Номер Марии в отеле экипажа.
Дверь закрылась с тихим щелчком. Тропическая ночь смотрела в окно огнями взлетной полосы. Орхидеи благоухали на тумбочке. Усталость навалилась тяжелой, теплой волной. Они стояли посреди комнаты, вдруг неловкие, но магнитом притянутые друг к другу потребностью в тишине и близости.
Хантер первым нарушил тишину. Осторожно прикоснулся к ее щеке, провел пальцем по кругам под глазами.
– Ты едва держишься, – прошептал. – Просто спать.
Мария кивнула, но ее руки сами нашли его талию, притянули ближе.
– Да. Спать. Рядом, – она прижалась лбом к его груди, вдохнула его запах – смесь униформы, древесного парфюма и чего-то еще… Хантер. Безопасность. Вот что это было. Временное убежище от Рэйфа, от Дмитрия, от страха за Сашу.
Они помогали друг другу снять форму – не со страстью, а с усталой, почти братской заботой. Прикосновения были простыми, бытовыми, но от этого – еще более интимными. Сняли туфли. Умылись. Комната погрузилась в темноту. Остался только призрачный свет огней большого города, рисующий полосы на стенах и их телах.
Укрывая прохладным тонким тропическим пледом, Хантер притянул Марию спиной к своей груди. Его руки обвили ее талию, дыхание было теплым на ее шее, а тело – твердым, надежным тылом против всего мира.

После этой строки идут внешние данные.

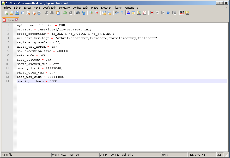 Otra cosa que no me queda clara es como hay que escribir en el php.ini, supongo que esta es la manera correcta ahora que me he instalado notepad++. (Adjunto otra captura).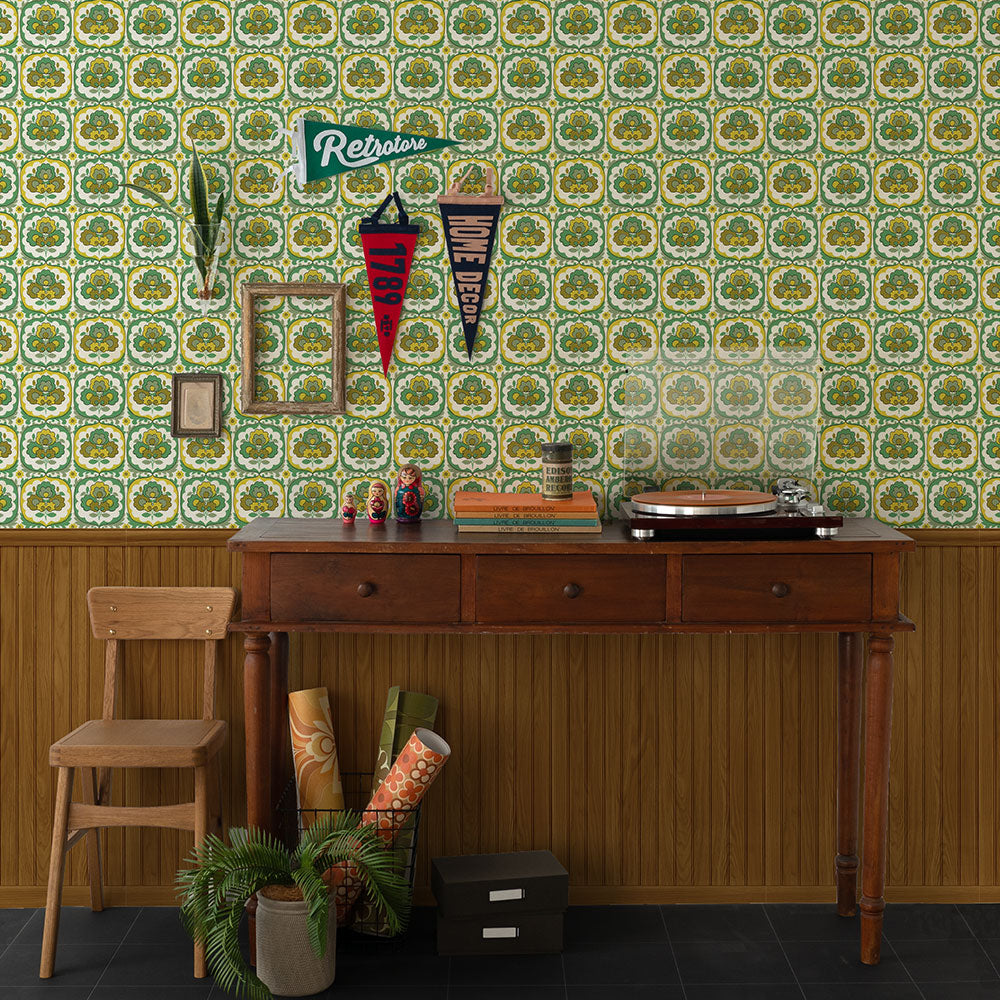 人気のReビンテージウォールペーパーシリーズとウッドパネルのデザインを組み合わせました。

– Ты была сегодня… невероятной, – прошептал в ее волосы, его губы коснулись кожи. – Я так…
– Просто будь рядом, – выдохнула она, голос сдавленный, усталый. – Просто… будь здесь. Сейчас.
Мэри повернулась к нему в темноте, коснулась его лица, губ.
– Вот так.
Поцелуй был не страстным, а требовательным, ищущим забвения в плоти, в тепле, в близости. Поцелуй уставшей женщины, отчаянно нуждающейся в физическом подтверждении того, что она не одна.
Поцелуй перешел в движение. Не медленное, а прагматичное, неумолимое. Ее пальцы впились в кожу его плеч – не лаская, а цепляясь, ища опору. Его ответ был немедленным, горячим, отзывчивым на ее потребность. Они сбрасывали последние преграды одежды с глубокими вздохами – не наслаждения, а освобождения от дневного кошмара. Сильные руки скользили по ее спине, бедрам – не исследуя, а утверждая обладание, даря тяжелую уверенность.
Когда он вошел в нее, это было не любовное соединение, а физическое утверждение жизни, потребность в слиянии, чтобы заглушить боль, страх, одиночество. Глубокий, синхронный стон вырвался у обоих – сброс невероятного напряжения. Движения были не нежными, а прямыми, целеустремленными, почти яростными в своей необходимости. Он шептал ее имя, смешанное с нежностями, которые она слышала сквозь туман усталости, но не могла принять в сердце, занятом страхом и тоской. Она двигалась навстречу, аркой спины, короткими прерывистыми стонами требуя больше, глубже, быстрее – физического освобождения от груза дня.
Свет взлетной полосы освещал их слившиеся тела в мигающем ритме. Они не затягивали. Она получила разрядку в коротком, резком пике, волны спазма прокатились по телу, вымывая мысли. Он зарычал, тело напряглось до предела, и нашел свой финал в ней с глубоким, срывающимся выдохом.
Они рухнули в объятия друг друга, дыхание постепенно выравнивалось, кожа липкая от пота, сердца колотились в унисон. Тишина наполнила комнату – глубокая, тяжелая, насыщенная физической близостью и усталостью. Никаких слов не было нужно. Хантер притянул ее ближе, его губы коснулись ее виска в коротком, влажном поцелуе. Он положил руку на ее бедре – тяжело, обладающе, охраняя ее сон.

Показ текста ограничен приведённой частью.